> On Dec 13, 2017, at 3:04 PM, Paul Gilmartin 
> <[email protected]> wrote:
> 
> On 2017-12-13, at 12:13:54, Seymour J Metz wrote:
> 
>> Script is Turing complete, so in a pinch you can do things that you don't 
>> normally think of as document processing, e.g., generating backup schedules. 
>> I much prefer a good markup language to a WYSIAYG word processor.
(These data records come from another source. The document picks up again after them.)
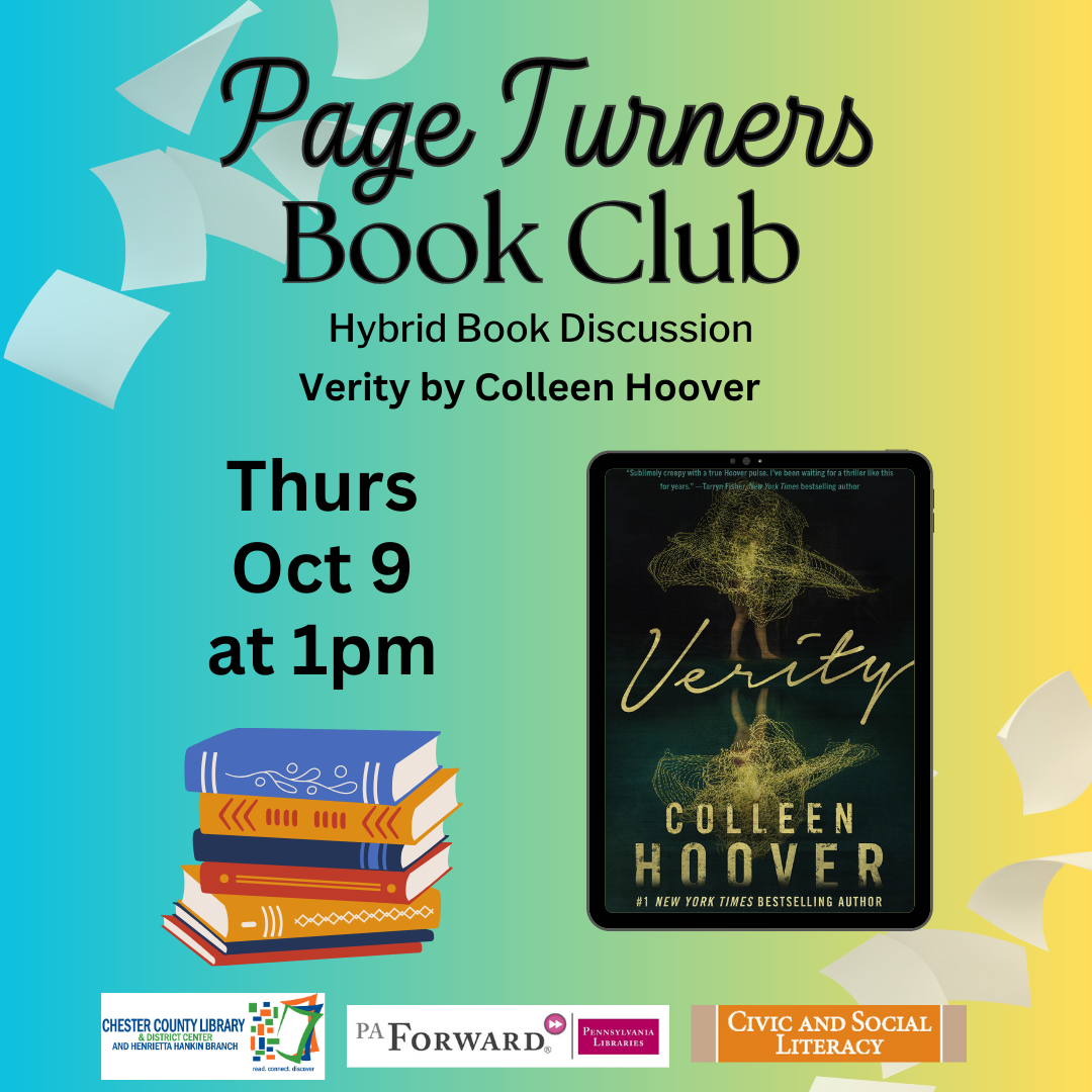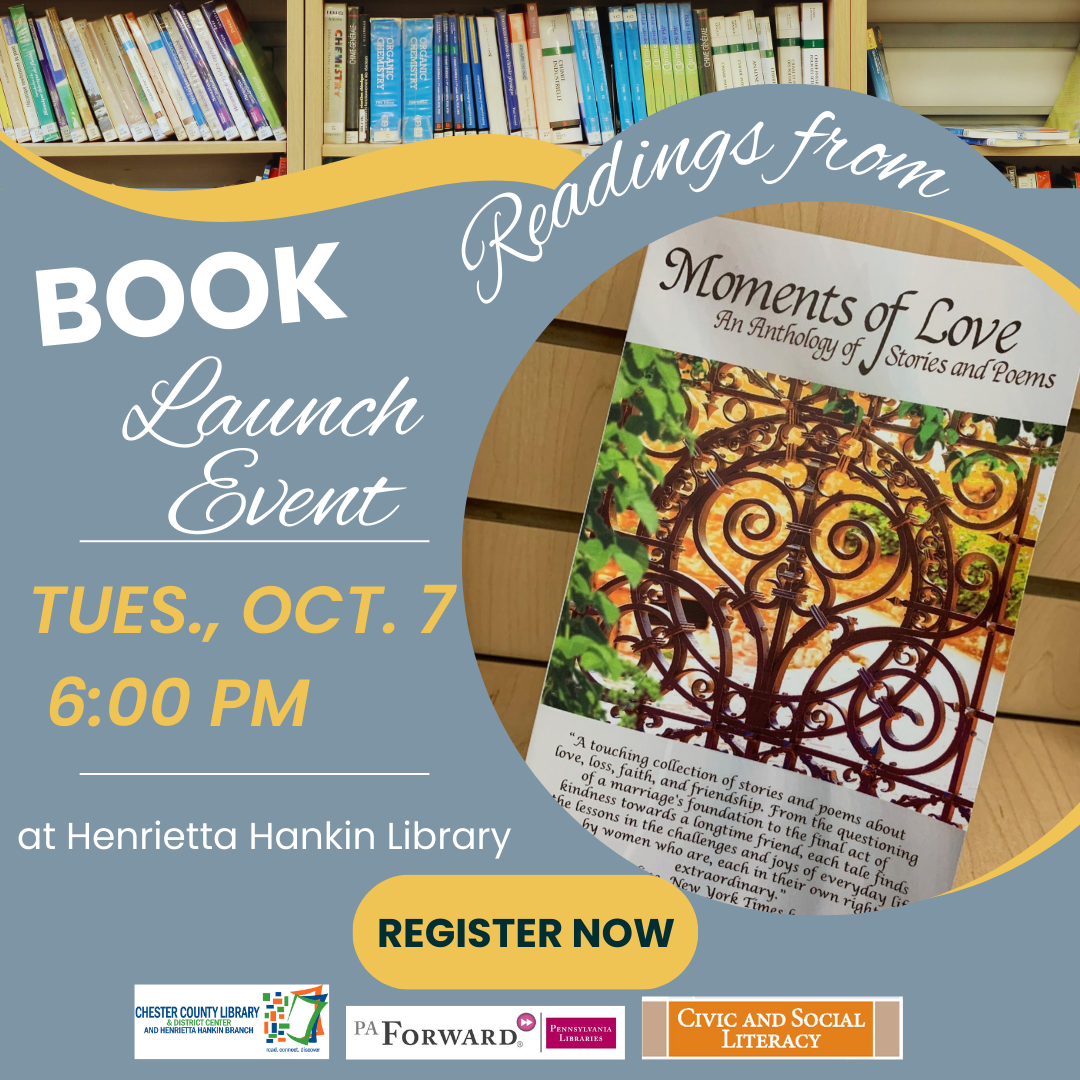 | | | | Upcoming Virtual Author Talks | | Chester County Library and Henrietta Hankin Branch are pleased to offer a virtual author talk series featuring bestselling, award-winning, and highly acclaimed authors. The featured writers and thought leaders cover various fiction and nonfiction genres. All events are free and open to the public. | | |
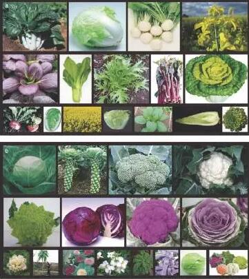 蕓薹屬包括三個(gè)二倍體物種:蕓薹(Brassica rapa)、黑芥(B. nigra)和甘藍(lán)(B. oleracea),這三個(gè)基本種經(jīng)過(guò)兩兩雜交又產(chǎn)生了四倍體的歐洲油菜(B. napus)、非洲油菜(B. carinata)和芥菜(B. juncea),這就是“禹氏三角”。隨著人工馴化和持續(xù)的育種工作,這些物種產(chǎn)生了高度多樣化的形態(tài)型,例如結(jié)成球狀的葉片、膨大的塊莖(或根 部、頂芽、腋芽等)。有意思的是,某些物種的形態(tài)型,盡管是在不同的地區(qū)獨(dú)立培育而成,但卻表現(xiàn)出相似的表型特征,這便是趨同馴化的結(jié)果。
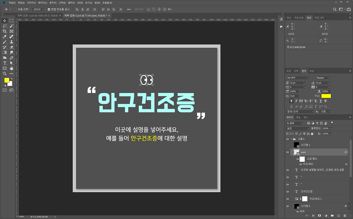 텍스트 도구 단축키 T를 누르고 제목에 해당하는 텍스트를 입력해주세요.
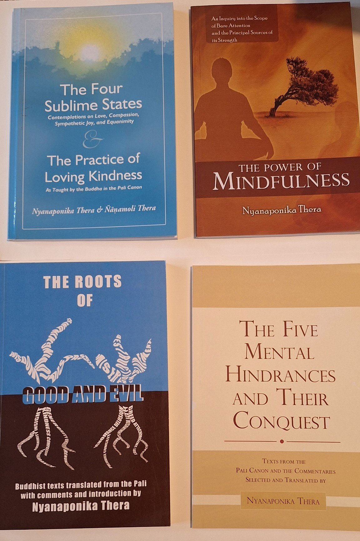 Essays of Nyanaponika Thera comprises The Four Sublime States And The Practice Of Loving Kindness As Taught By The Buddha In The Pali Canon, The Five Mental Hindrances And Their Conquest- Texts From The Pali Canon & Commentaries by Nyanaponika Thera, Roots Of Good And Evil – Sutta passages on the unwholesome and wholesome roots, with the author’s insightful comments and The Power Of Mindfullness – An Inquiry Into The Scope Of Bare Attention+Theprincipal Sources Of Its Strength.
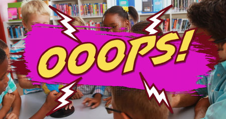 Seven children pressing buzzer on white table in school library, with comic OOPS overlay. Collaboration, education, playful, vibrant, teamwork, learning, youth
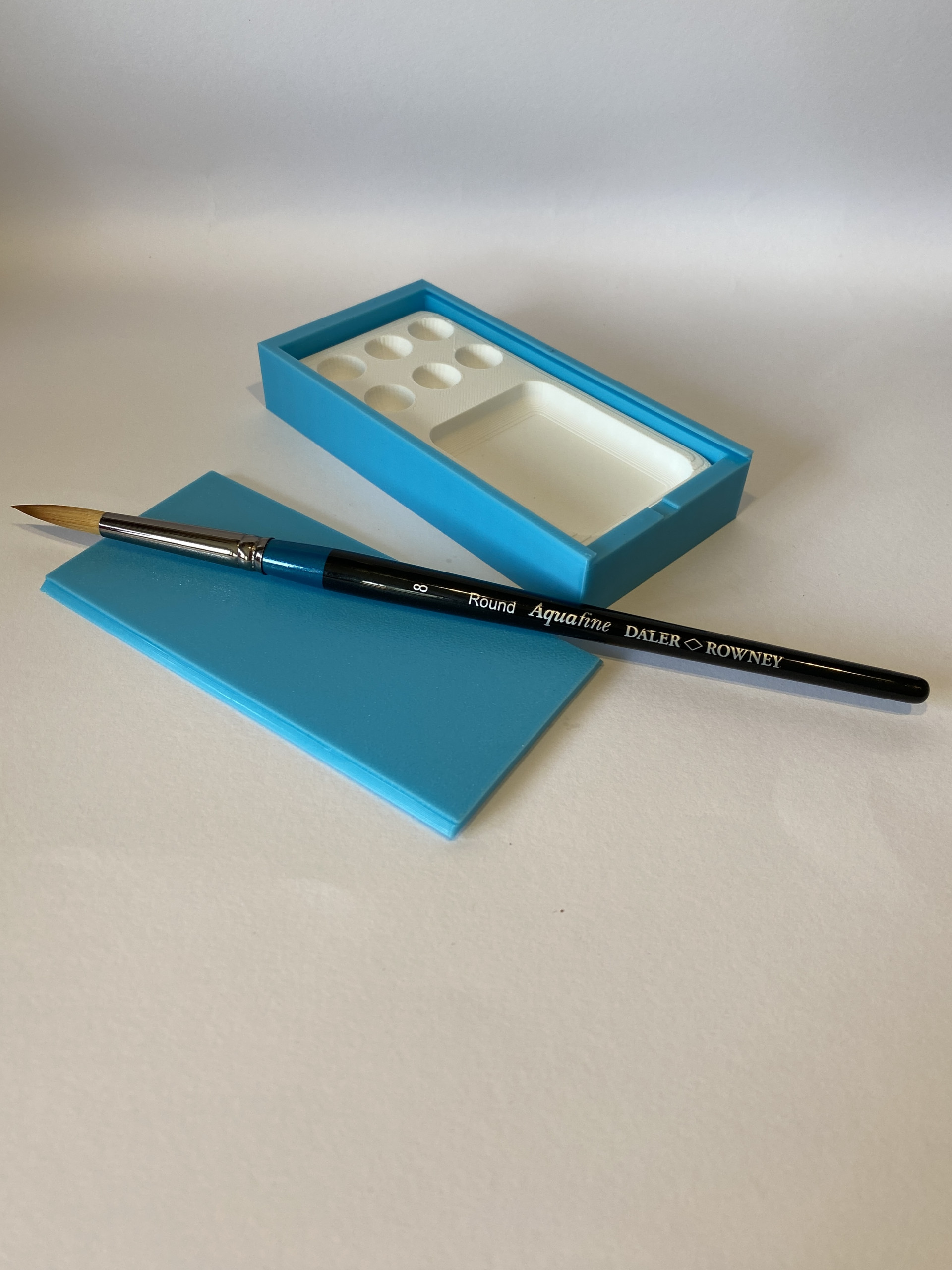 This is a palette small enough to slip into your pocket or bag while you are out and about. Carry a brush and a sketch book (see sketchbook page) or a set of postcard watercolour cards (see on the paper and canvas page) and you are ready to strike when the opportunity arises to capture a scene or a moment in time.

Take m$ 
>> office - please!
>> 
> One collateral consequence of a Turing-complete language is that it's
> impossible to define its syntax formally.
> 
> -- gil
> 

It is?

A Turing machine is simply a finite-state-automata with a fixed number
of operations on a state change, and an infinite tape.   Seems like a syntax
for that is quite formally describable (just a set of tuples for the state, the 
next
state to jump to and the operation would do it.)   With that syntax you have
the ability to enumerate all possible turing machines; so you have a syntax
for a turing-complete language.

Turing completeness usually means an instruction set, or programming language,
that can implement any turing machine… seems like my set-of-tuples could do
just that (assuming the availability of infinite tape.)

But - one can certainly write a unrestricted grammar that describes
a recursively-enumerable language that is turning complete… and that
would definitionally be a formal syntax description; just in the abstract.
For example, the programming language Thue is itself Turing-complete,
and its syntax is very simple (and easy to formally define.)